[Data records]
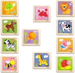 Each puzzle features colorful animal illustrations that encourage learning and exploration.
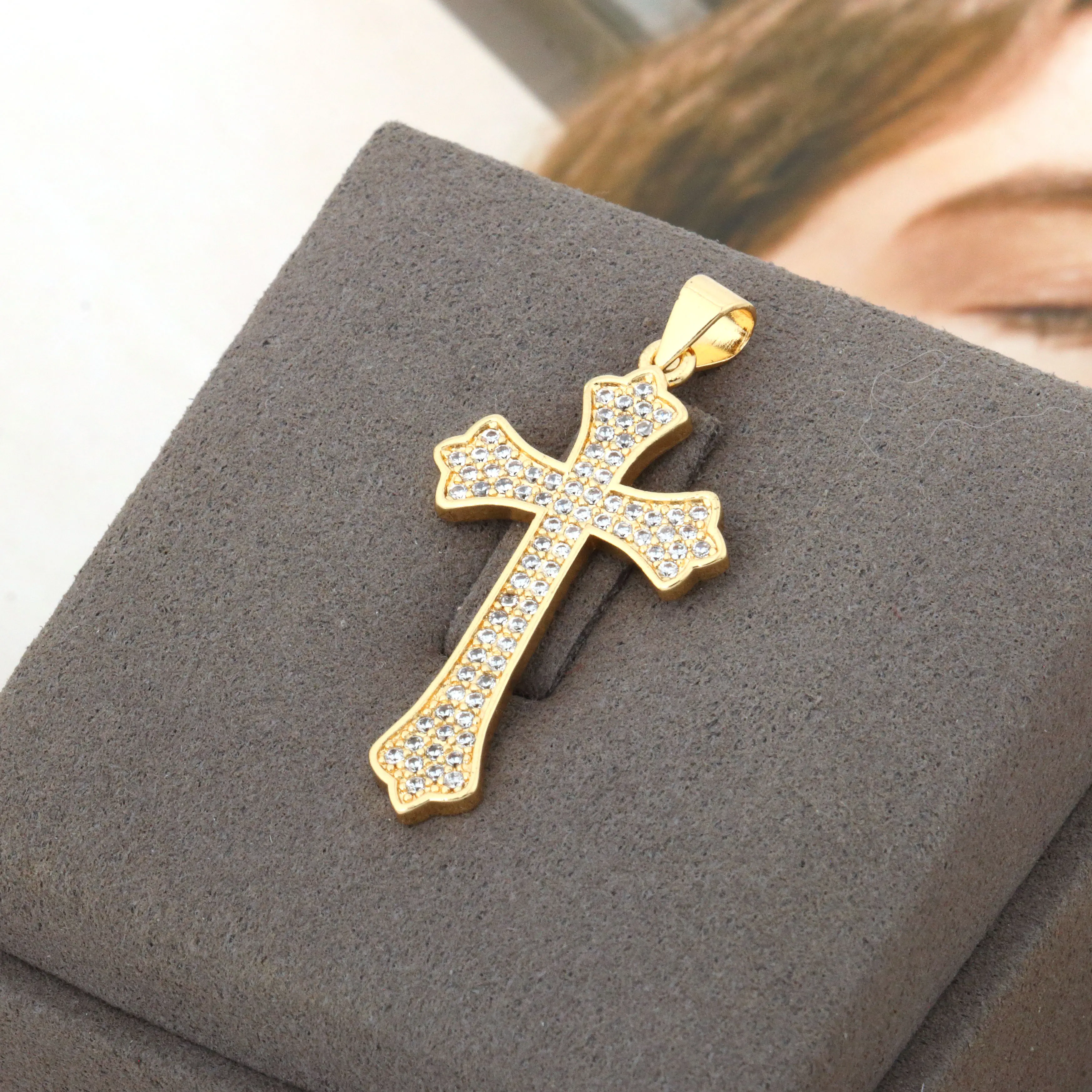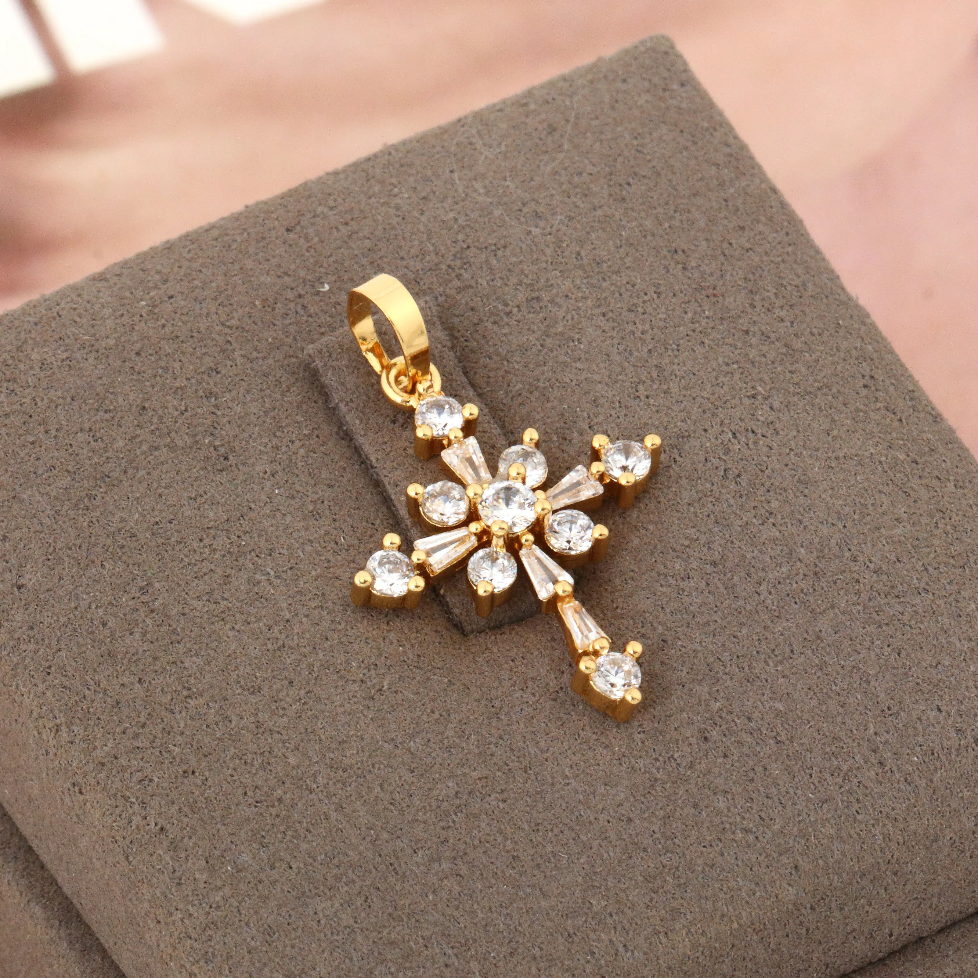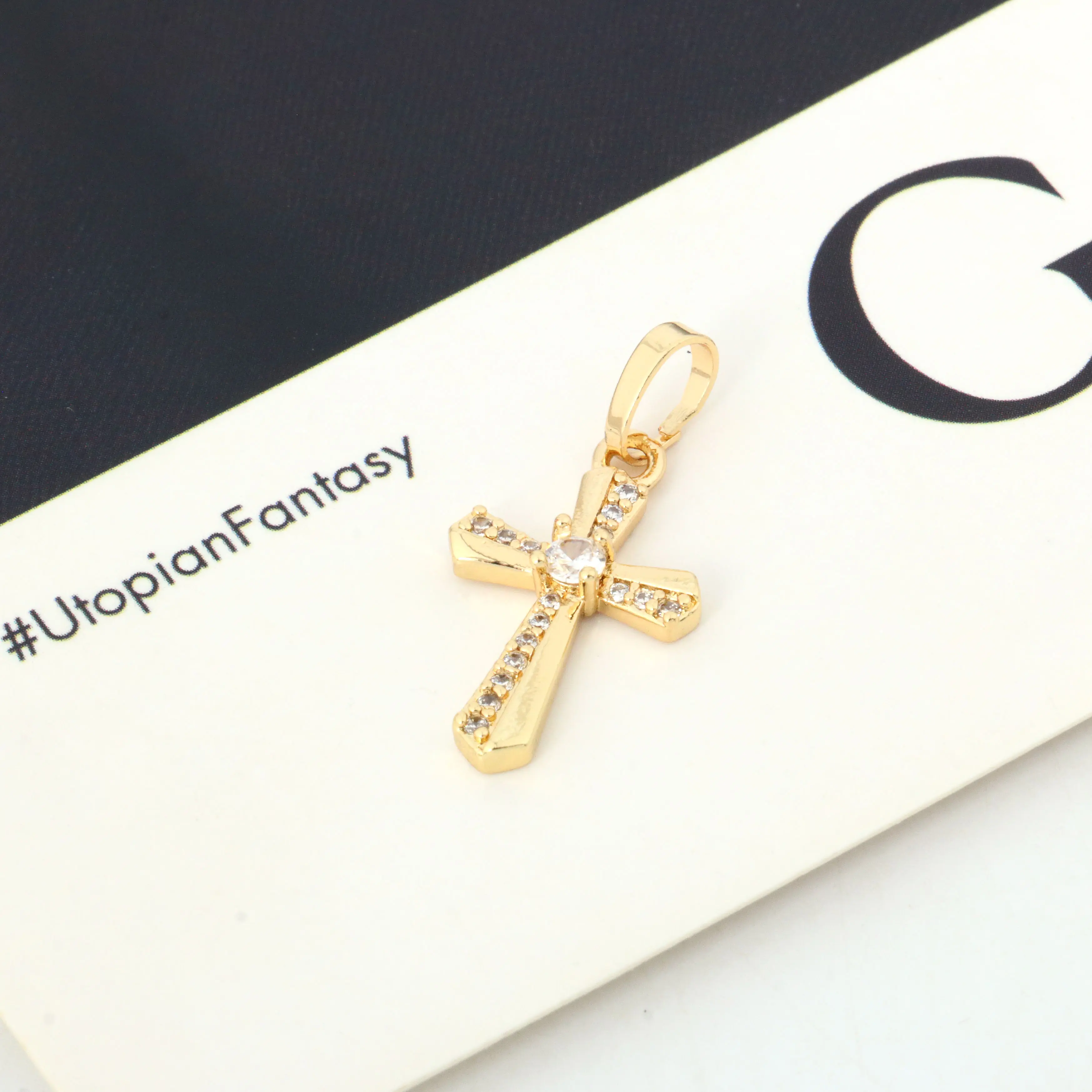 Trendy gold-plated cross charm pendant crafted from durable copper alloy, featuring sparkling zircon stones in a secure bezel setting. Designed for women, this stylish piece is perfect for DIY jewelry or everyday wear, adding a modern touch to any outfit. Every pendant comes with a necklace as a gift!
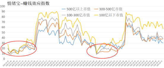 根据情绪宝的时间周期,自5月8日情绪触顶并开始降温以来,赚钱效应指数已经持续降温26天,还有大概10个交易日,情绪底部可能会到来。
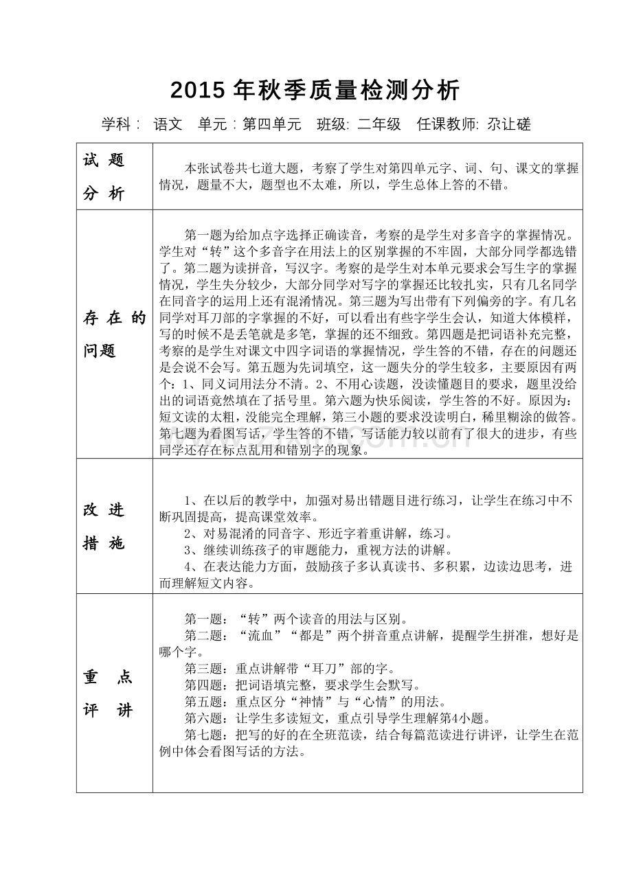 本张试卷共七道大题,考察了学生对第四单元字、词、句、课文的掌握情况,题量不大,题型也不太难,所以,学生总体上答的不错。
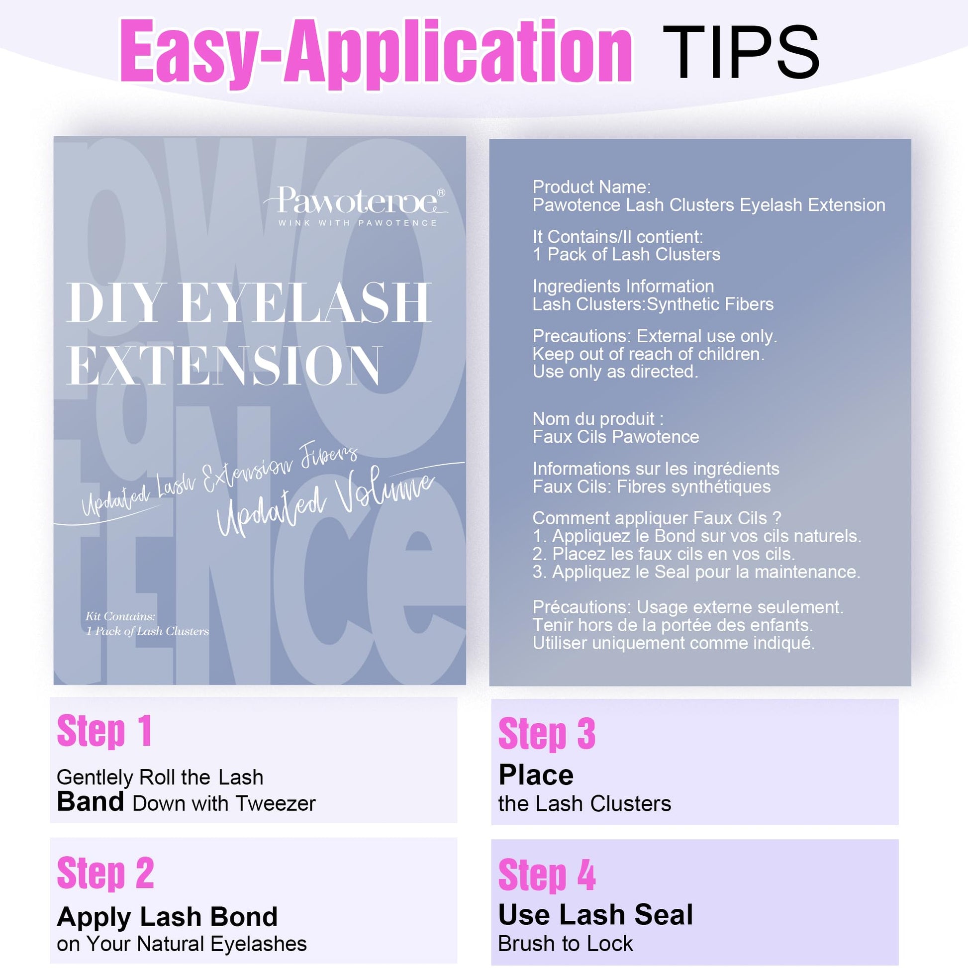 - Easy-Application Tips: Gentlely roll the lash band down with tweezers; Apply lash bond on your eyelashes; Place the lash clusters; Use lash seal brush to lock

TASK TO CARRY OUT:
Each record above must be retyped exactly as given, with the images excluded.

EXERCISE ANSWER:
 Each puzzle features colorful animal illustrations that encourage learning and exploration.
 Trendy gold-plated cross charm pendant crafted from durable copper alloy, featuring sparkling zircon stones in a secure bezel setting. Designed for women, this stylish piece is perfect for DIY jewelry or everyday wear, adding a modern touch to any outfit. Every pendant comes with a necklace as a gift!
 根据情绪宝的时间周期,自5月8日情绪触顶并开始降温以来,赚钱效应指数已经持续降温26天,还有大概10个交易日,情绪底部可能会到来。
 本张试卷共七道大题,考察了学生对第四单元字、词、句、课文的掌握情况,题量不大,题型也不太难,所以,学生总体上答的不错。
 - Easy-Application Tips: Gentlely roll the lash band down with tweezers; Apply lash bond on your eyelashes; Place the lash clusters; Use lash seal brush to lock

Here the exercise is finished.